Said Dr. O'Brien: "Let us have the honesty to accept the futility of our present methods alone, and the courage to embark immediately on a program of extensive BCG vaccinations, without which tuberculosis will present the same problems a thousand years from now as it does today. Unless we use vaccination as in smallpox and diphtheria, there is, in my opinion, no hope . . ."
One of the major jobs done thus far by BCG has been in occupied Japan, where some 31 million BCG vaccinations have been given since V-J day. In the vaccinated group, mortality has been cut by 88%. Three laboratories in the U.S. manufacture BCG, but so far the U.S. Public Health Service has not licensed them to distribute the culture for mass vaccinations.
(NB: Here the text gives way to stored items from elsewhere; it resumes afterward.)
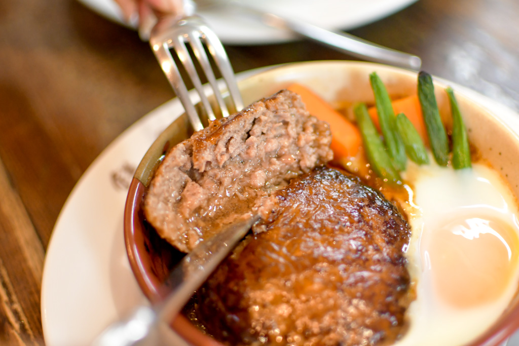 特製デミグラスソースに包まれた煮込みハンバーグをひと口食べれば、もう肉汁が止まらない‼さらにお肉の柔らかさにビックリ!
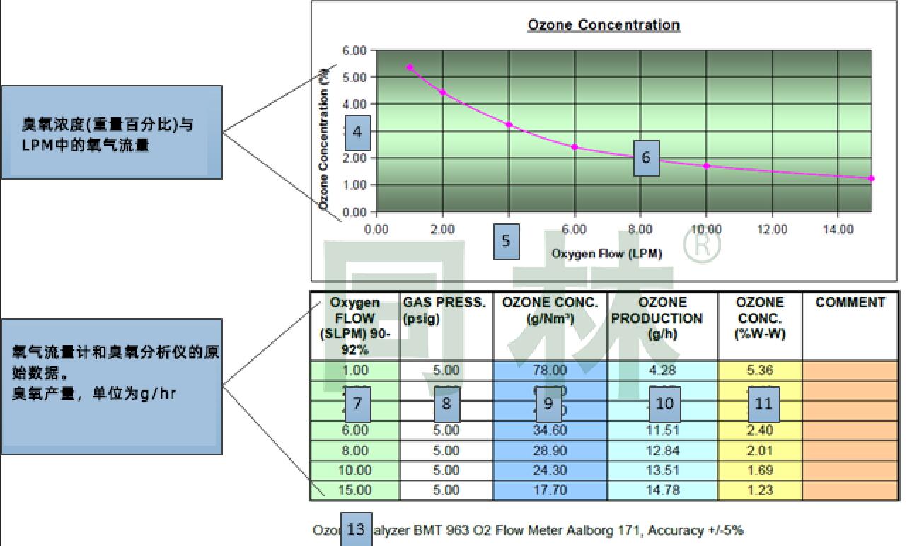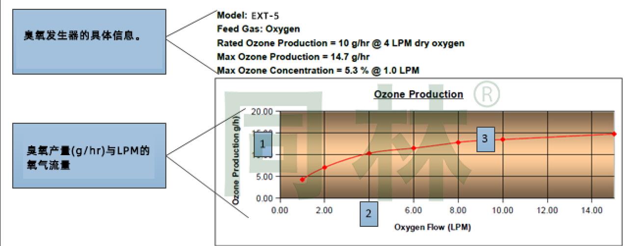 1. 臭氧產(chǎn)量顯示在垂直(Y軸)的圖形上,單位為克/小時(shí)或其他臭氧輸出測(cè)量單位
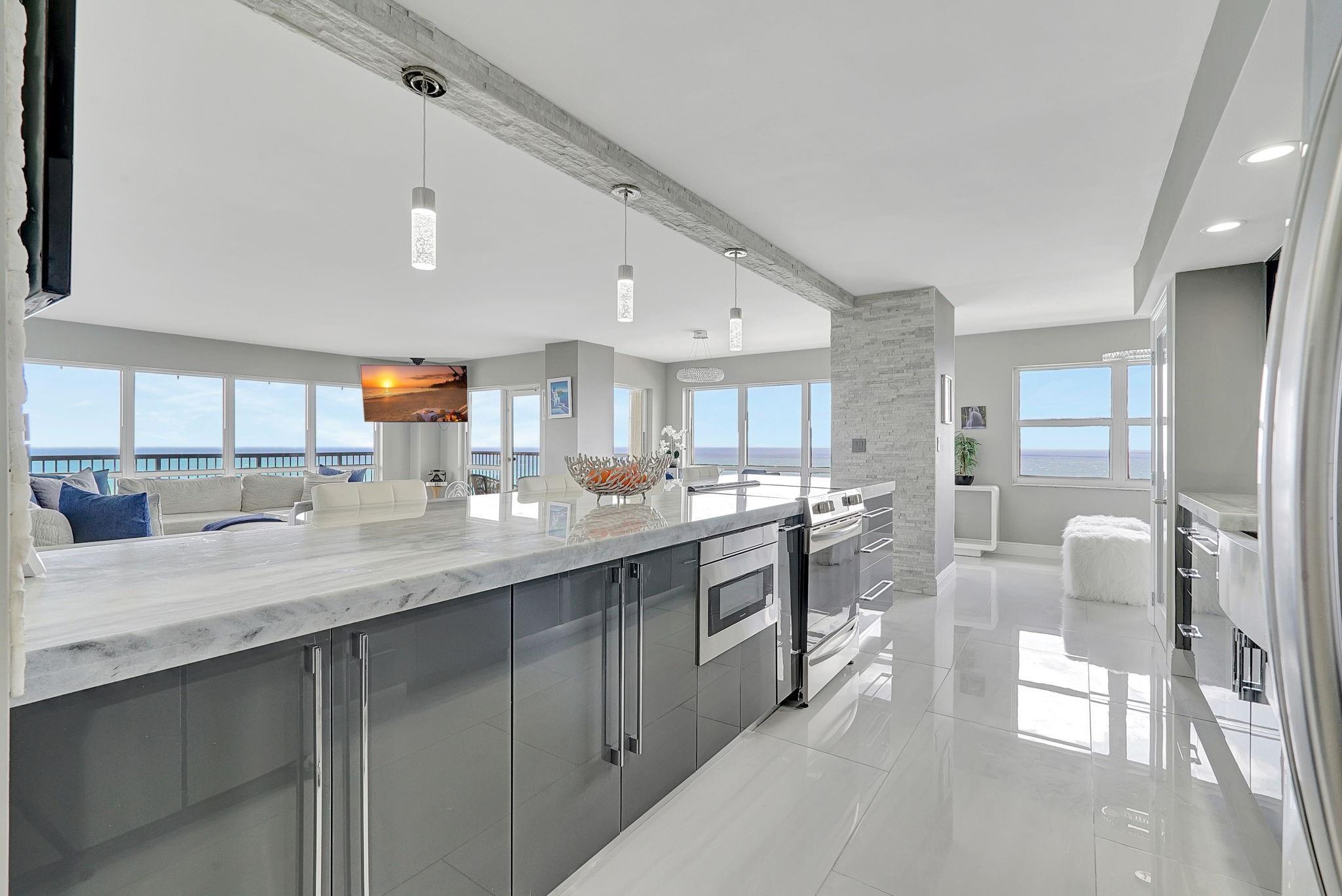 Welcome to this spectacular 3bedroom, 2.5 bath luxury penthouse perched directly on the beachfront—where sweeping ocean views & elegant modern updates define everyday living. This residence boasts an open-concept layout flooded w/natural light & a seamless flow between indoor/outdoor spaces. The fully renovated Diemme Cucine Italian kitchen w/quartz countertops, Italian style bathroom cabinetry & ocean views from every bedroom offer upscale comfort w/timeless style. Unobstructed views of the coastline from your private balcony—perfect for morning coffee or sunset cocktails. W/ over $130k in special assessments already paid, enjoy worry-free ownership in one of the area’s most desirable buildings. Full-time residence or high-end investment this turnkey coastal gem delivers on all fronts

Dr. William G. Workman, chief of biologics control of the P.H.S., said in Washington last week that he did not know exactly when P.H.S. approval would be given.
* The vaccine's reputation suffered a serious setback in Lübeck, Germany, in 1930, when 72 of 251 infants died after being vaccinated with what was thought to be BCG. Investigation proved that the children had been vaccinated with another culture, but the outcry was so great throughout the world that BCG was regarded with suspicion for years.